Regular readers of Ballpark Digest have followed the issues posed to professional sports by the decision from the state of California to divert redevelopment funds from cities and counties to the state to pay for essential services. We also wrote that MLB insiders told us without a doubt the A’s would not be allowed to move if Oakland still had a shot at developing a new ballpark. Those two developments collided last fall and this winter, giving San Jose fans a chance to cheer.
Without redevelopment funds, it would virtually impossible for cities and counties to fund new sports facilities, including new ballparks, unless an alternate form of financing (i.e., a local sales tax) is established. The decision by the state already killed one minor-league ballpark project in Escondido, and it apparently has killed Oakland’s plans to fund and finance a new ballpark at Victory Court in downtown Oakland.
“We are no longer advocating for Victory Court,” Gregory Hunter, head of the soon-to-be-dissolved Oakland Redevelopment Agency, said Monday during a meeting of the Alameda County supervisors covered by the San Jose Mercury News.

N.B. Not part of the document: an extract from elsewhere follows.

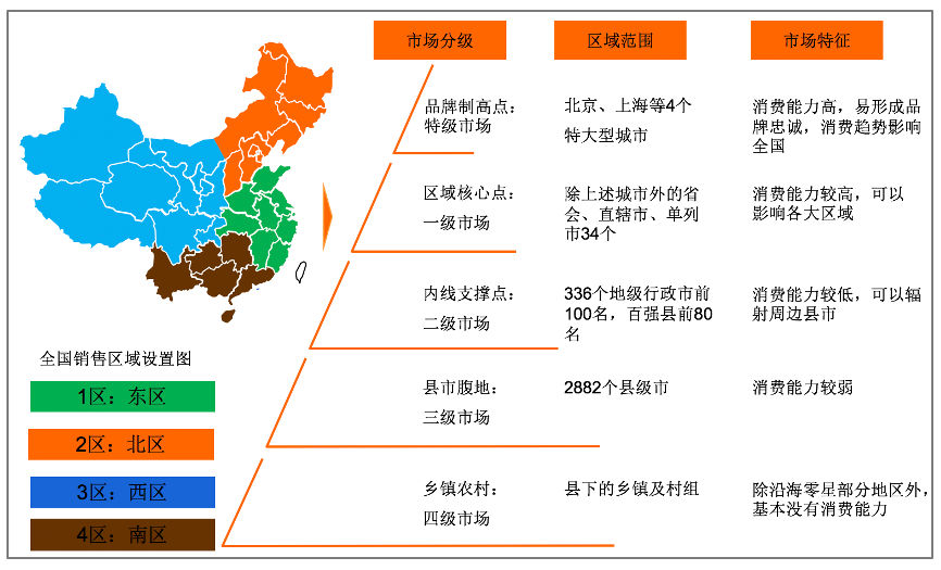 顧家門業(yè)按照行政區(qū)域設置四個大區(qū),并根據(jù)全國區(qū)域市場分級及其市場設置總市場布局如下:“一線城市全部占領、二線城市全面覆蓋、三四城市保證可見”。

Supervisors said they’d shift their efforts to a new A’s ballpark at the current O.co Coliseum site, but that’s iffy at best: the county may not even have the $3.7 million promised to JRDV, HKS and Forest City to study the feasibility of an overhaul of the sports complex, which includes Oracle Arena. And if the county is barely able to scrape up the $3.7 million for a feasibility study, it’s hard to see a situation where a new ballpark is in the works.

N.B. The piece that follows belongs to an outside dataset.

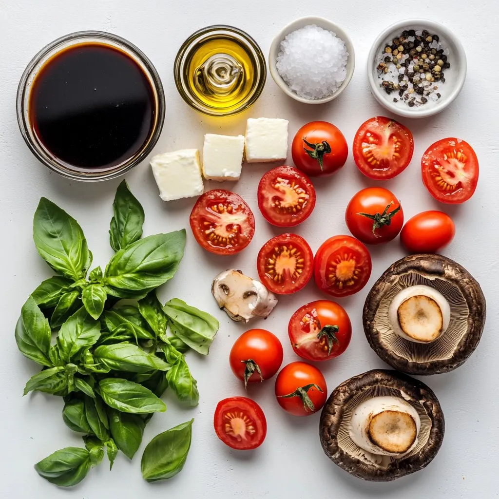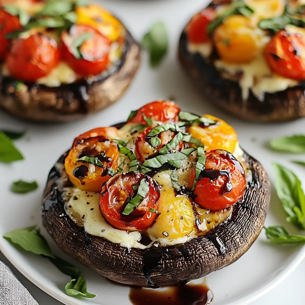 - 4 large portobello mushrooms, stems removed - 2 cups cherry tomatoes, halved - 8 ounces fresh mozzarella cheese, diced - 1/4 cup fresh basil leaves, chopped - 2 tablespoons balsamic glaze - 2 tablespoons olive oil - 1 teaspoon garlic powder - Salt and pepper to taste - 1/4 teaspoon red pepper flakes (optional) When choosing portobello mushrooms, look for ones that are firm and smooth. They should feel heavy for their size. Fresh cherry tomatoes should be bright and firm. Soft spots can mean they are past their best. For mozzarella, use fresh cheese for a creamy texture. If you can't find fresh basil, dried basil can work, but fresh gives better flavor. One serving of Caprese stuffed portobellos has about 230 calories. They are low in carbs and high in protein. Mushrooms are a good source of vitamins and minerals. Mozzarella adds calcium and protein. The dish is also rich in antioxidants from tomatoes and basil. To keep it healthy, use less balsamic glaze or olive oil. This dish is perfect for a light meal or appetizer. {{ingredient_image_1}} Start by setting your oven to 375°F (190°C). This temperature helps the mushrooms cook perfectly. Next, line a baking sheet with parchment paper. This step makes cleanup easy and keeps the mushrooms from sticking. Take 4 large portobello mushrooms and clean them with a damp cloth. This helps remove dirt and keeps them fresh. After cleaning, remove the stems. Place the mushrooms on the baking sheet with the gill-side facing up. This position allows the filling to stay inside. In a mixing bowl, combine 2 cups of halved cherry tomatoes, 8 ounces of diced fresh mozzarella cheese, and 1/4 cup of chopped fresh basil leaves. Add 2 tablespoons of balsamic glaze, 2 tablespoons of olive oil, 1 teaspoon of garlic powder, salt, and pepper to taste. If you like a bit of spice, add 1/4 teaspoon of red pepper flakes. Stir the mixture well until everything is coated nicely. Now, take the Caprese mixture and spoon it generously into each portobello cap. Press down gently to pack the filling, so it holds well during baking. This step ensures each bite is full of flavor. Place the baking sheet in your preheated oven. Bake the stuffed mushrooms for 20-25 minutes. You want the mushrooms to be tender, and the cheese should be bubbly and slightly golden. Once out of the oven, let them cool for a few minutes before serving. For a finishing touch, drizzle with extra balsamic glaze and garnish with more basil leaves. Enjoy your tasty creation! When picking portobello mushrooms, look for large and firm caps. The color should be dark brown and the gills should be clean. Avoid mushrooms with soft spots or wrinkles. Fresh mushrooms smell earthy, not sour. If you can, buy them from a local market. To keep your mushrooms from turning soggy, dry them well before cooking. Use a damp cloth to clean them, but don’t soak them in water. When you fill the mushrooms, pack the ingredients tightly. This helps prevent moisture from escaping during cooking. Baking them at the right temperature is key too. Caprese stuffed portobellos make a great main dish or a side. Serve them on a bed of fresh greens, like arugula or spinach. Drizzle extra balsamic glaze on top for added flavor. Pair these stuffed mushrooms with crusty bread or a light salad for a full meal. You can also add grilled chicken or shrimp for extra protein. Pro Tips Choose Fresh Ingredients: Use the freshest mozzarella and ripe cherry tomatoes for the best flavor. Experiment with Cheese: Try different types of cheese like goat cheese or feta for a unique twist on the classic Caprese flavor. Pre-Season Mushrooms: Brush the portobello caps with olive oil and season before adding the filling for extra flavor. Serve Immediately: Enjoy the stuffed mushrooms right after baking for the best texture and taste. {{image_2}} You can easily make this dish vegan. Swap the fresh mozzarella for vegan cheese. Look for brands that melt well. Use a dairy-free balsamic glaze too. This keeps the flavors bold and fresh. You won't miss the cheese at all. This recipe is already gluten-free! Portobello mushrooms are naturally gluten-free. Just check your balsamic glaze. Some brands add gluten. Always read the labels to ensure your meal is safe. Want to kick up the taste? Add pesto to the filling. It brings a nutty, rich flavor. You can also include fresh spinach for added nutrition. Spinach wilts down nicely when baked. For a spicy twist, toss in more red pepper flakes. Each addition makes this dish even more exciting. Store leftover stuffed mushrooms in an airtight container. Let them cool first. Place a paper towel in the container to absorb moisture. This keeps the mushrooms fresh and tasty. You can store them in the fridge for up to three days. To reheat, preheat your oven to 350°F (175°C). Place the mushrooms on a baking sheet. Cover them loosely with foil to prevent drying. Heat for about 10-15 minutes. This method keeps the cheese gooey and the mushrooms tender. You can also use a microwave. Heat for 1-2 minutes, but the oven gives better results. You can freeze stuffed mushrooms for later. Wrap each mushroom in plastic wrap tightly. Then, place them in a freezer bag. Remove as much air as possible. They can stay frozen for up to three months. When ready to eat, thaw them in the fridge overnight. Reheat them in the oven for the best texture. You can pair Caprese stuffed portobellos with a fresh salad. A simple arugula salad works well. You can also serve them with crusty bread or garlic bread. Pasta with a light sauce makes a great side too. Adding a glass of crisp white wine will enhance the meal. Caprese stuffed portobellos last up to three days when stored properly. Keep them in an airtight container. Make sure they cool to room temperature first. This helps preserve their flavor and texture. Yes, you can prepare them ahead of time. Stuff the mushrooms and store them in the fridge. They will stay fresh for a day or two. Just bake them r

All of this puts San Jose one step closer to acquiring a new A’s ballpark. San Jose worked to put parcels intended for a ballpark outside the redevelopment process, so the withdrawal of redevelopment funds won’t affect Lew Wolff’s plan for a privately financed ballpark. The issue will be persuading the Giants to give up territorial control of San Jose, which will be a huge challenge for Commissioner Bud Selig — but at the end of the day Selig usually gets what he wants, even if he needs to twist a few arms and ask Lew to pay an appropriate territorial fee to the Giants.